→ Supplied data:
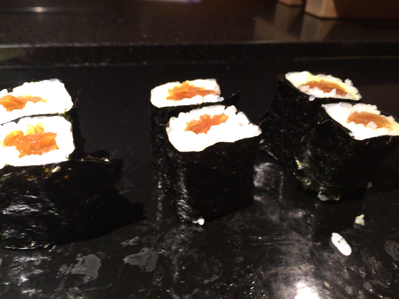 ダウンライトを浴びてネタが輝いて見える。
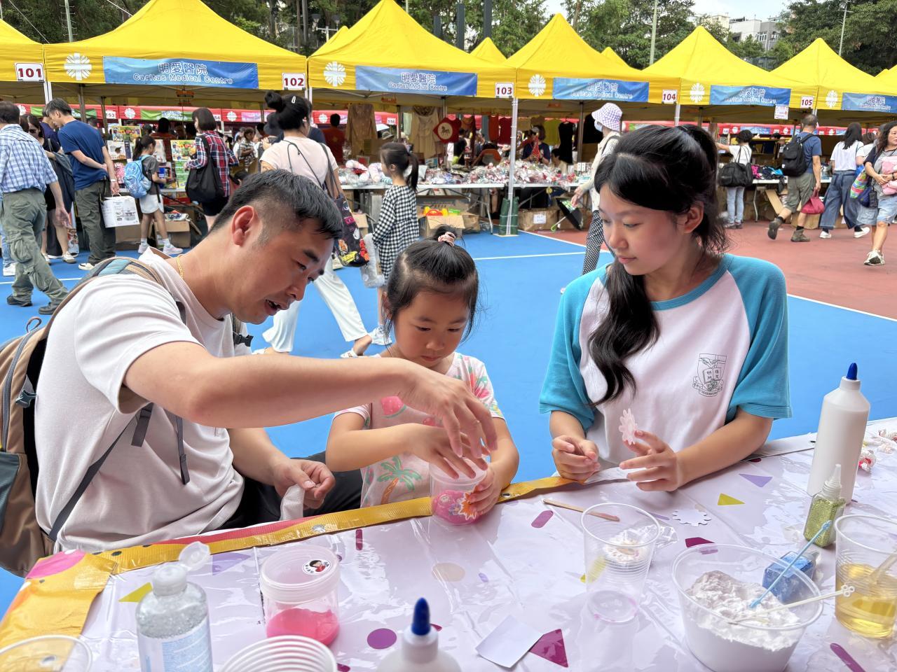 我校共設置了三個不同的攤位。第一個攤位是STEAM自製鬼口水的環節,讓參加者了解鬼口水的成分並參與製作過程,旨在激發他們的創意與學習興趣;第二個則是遊戲攤位,遊戲圍繞天主教的核心價值,讓居民在樂趣中對天主教各項價值有更深入的了解;第三個攤位是義賣攤位,我們出售了不同物品,所得善款用作支援有需要的群體。通過義賣,我們不僅提供了物品,傳遞了愛心和關懷的精神。
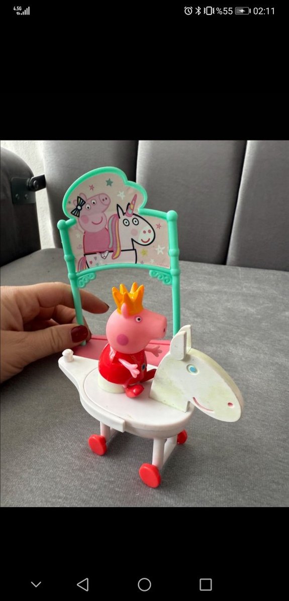 Peppa Pig temalı Prenses Peppa figürü ve unicorn (tek boynuzlu at) sahnesinden oluşan sevimli oyun setidir. Renkli tasarımıyla hem oyun hem de vitrin/dekor amaçlı kullanılabilir. Ürün içeriği: Prenses Peppa figürü Unicorn figürü Sahne/arka pano parçası (Fotoğraflarda görünen parçaların tamamı gönderilecektir.) Durum: Kullanılmıştır. Genel durumu iyi Ufak kullanım izleri olabilir. Detaylar fotoğraflarda net şekilde görülmektedir Pig seven çocuklar için çok tatlı bir set, günüzzi / hediye için uygundur.: #peppapig #prensespeppa #unicorn #cocukoyuncagi Peppa Doğum #peppapigoyuncak #kizcocukoyuncak #figurseti #oyuncak
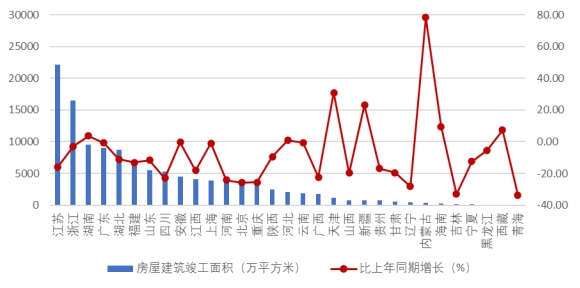 圖9 2025 年上半年各地區建筑業企業房屋竣工面積及其增長情況
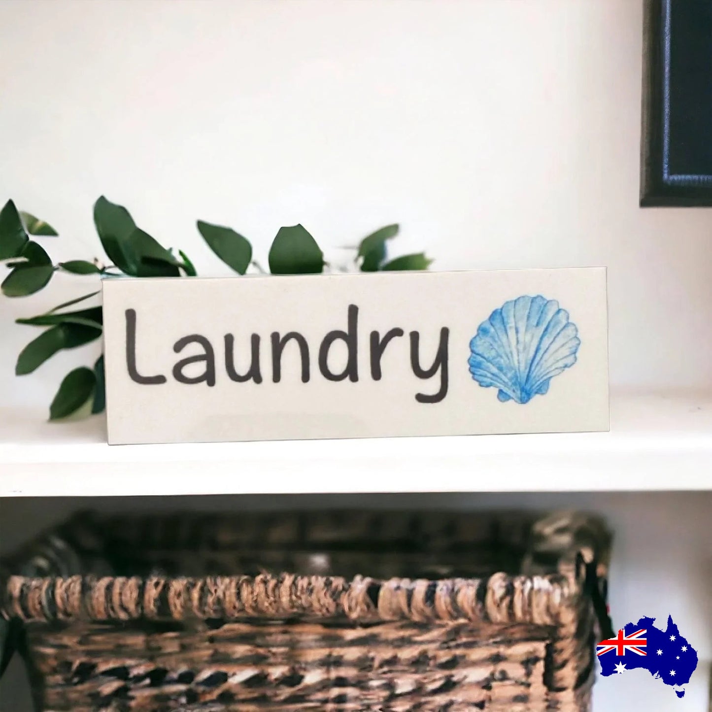 Shell Beach Blue Toilet Laundry Bathroom Sign
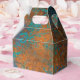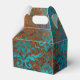 Boîte à faveur en damassé sarcelle et cuivre vintage étincelant avec des accents d'aqua.
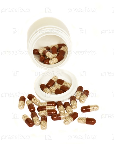 Пузырек с рассыпавшимися таблетками на белом фоне
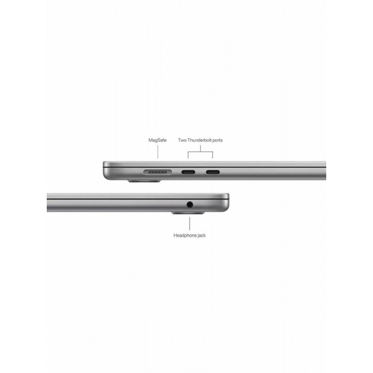 MacBook Air 15 2024 изготовлен из алюминия и металла, что делает его лёгким и прочным. Ноутбук доступен в сером цвете «космос».
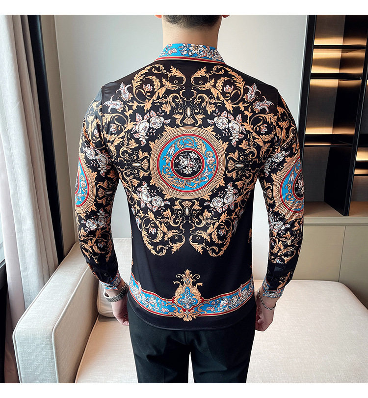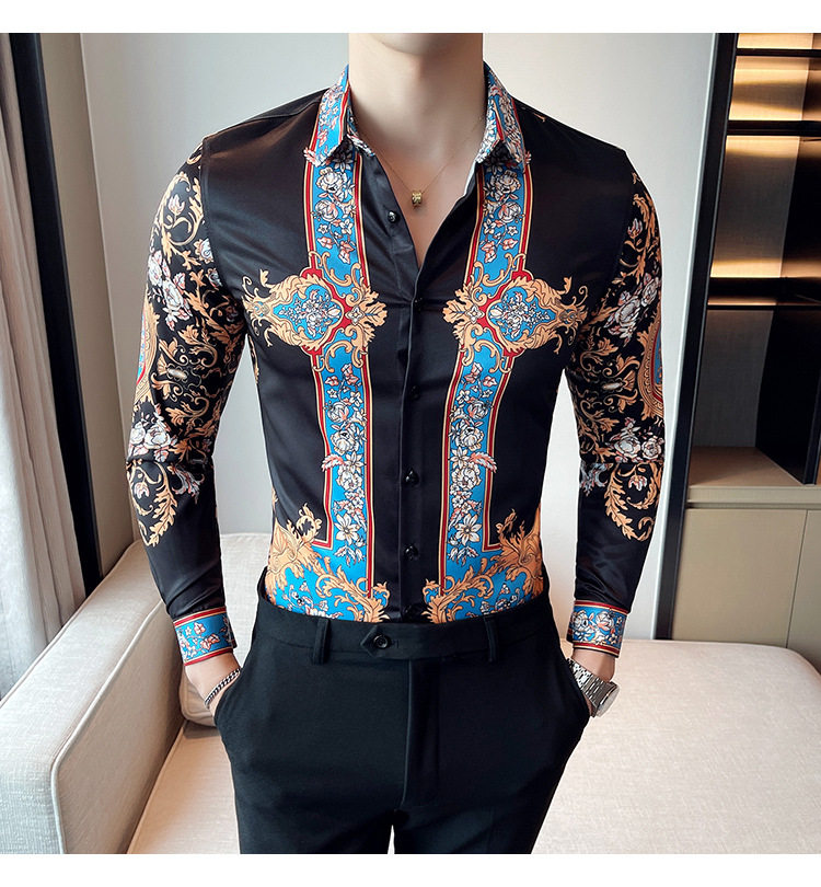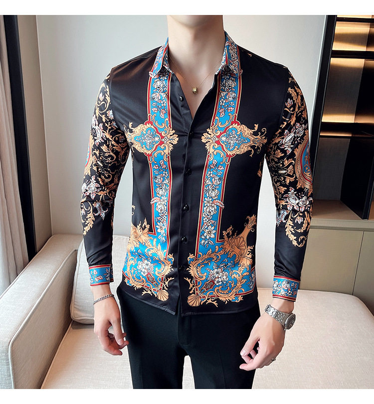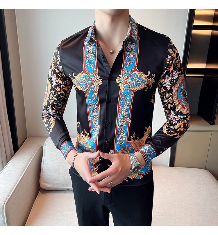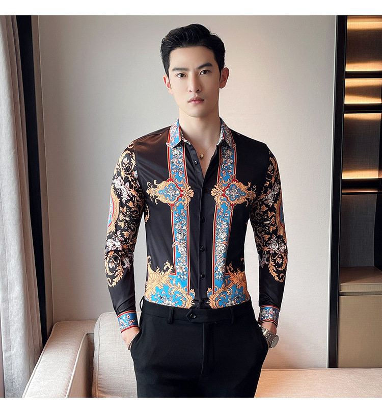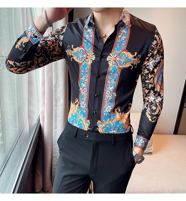 Áo sơ mi nam dài tay in họa tiết là sản phẩm thuộc danh mục thời trang nam, kiểu dáng áo sơ mi nam. Áo sơ mi dài tay nam này mang phong cách Âu Mỹ và Hàn Quốc với thiết kế in họa tiết độc đáo, tạo nên vẻ ngoài ấn tượng và thu hút. Màu sắc chủ đạo là đen kết hợp các chi tiết xanh dương nổi bật, phù hợp với nhiều phong cách khác nhau. Chiếc áo sơ mi nam này là lựa chọn hoàn hảo cho những ai muốn thể hiện cá tính và gu thời trang riêng. | Tên sản phẩm: Áo Sơ Mi Nam Dài Tay In Họa Tiết Phong Cách Âu Mỹ Hàn Quốc Màu Đen, Xanh Dương. | Mã sản phẩm: A0195 - Giá: 610000đ. | Mã nhà sản xuất: HADRK - G02 | Danh mục sản phẩm: Áo sơ mi Nam - Áo sơ mi dài tay Nam.Hình ảnh sản phẩm

→ Exercise: The lines to retype run from the one containing "Пузырек с рассыпавшимися" through the last line of the records above; write them exactly and skip the pictures.

→ Result of this task:
 Пузырек с рассыпавшимися таблетками на белом фоне
 MacBook Air 15 2024 изготовлен из алюминия и металла, что делает его лёгким и прочным. Ноутбук доступен в сером цвете «космос».
 Áo sơ mi nam dài tay in họa tiết là sản phẩm thuộc danh mục thời trang nam, kiểu dáng áo sơ mi nam. Áo sơ mi dài tay nam này mang phong cách Âu Mỹ và Hàn Quốc với thiết kế in họa tiết độc đáo, tạo nên vẻ ngoài ấn tượng và thu hút. Màu sắc chủ đạo là đen kết hợp các chi tiết xanh dương nổi bật, phù hợp với nhiều phong cách khác nhau. Chiếc áo sơ mi nam này là lựa chọn hoàn hảo cho những ai muốn thể hiện cá tính và gu thời trang riêng. | Tên sản phẩm: Áo Sơ Mi Nam Dài Tay In Họa Tiết Phong Cách Âu Mỹ Hàn Quốc Màu Đen, Xanh Dương. | Mã sản phẩm: A0195 - Giá: 610000đ. | Mã nhà sản xuất: HADRK - G02 | Danh mục sản phẩm: Áo sơ mi Nam - Áo sơ mi dài tay Nam.Hình ảnh sản phẩm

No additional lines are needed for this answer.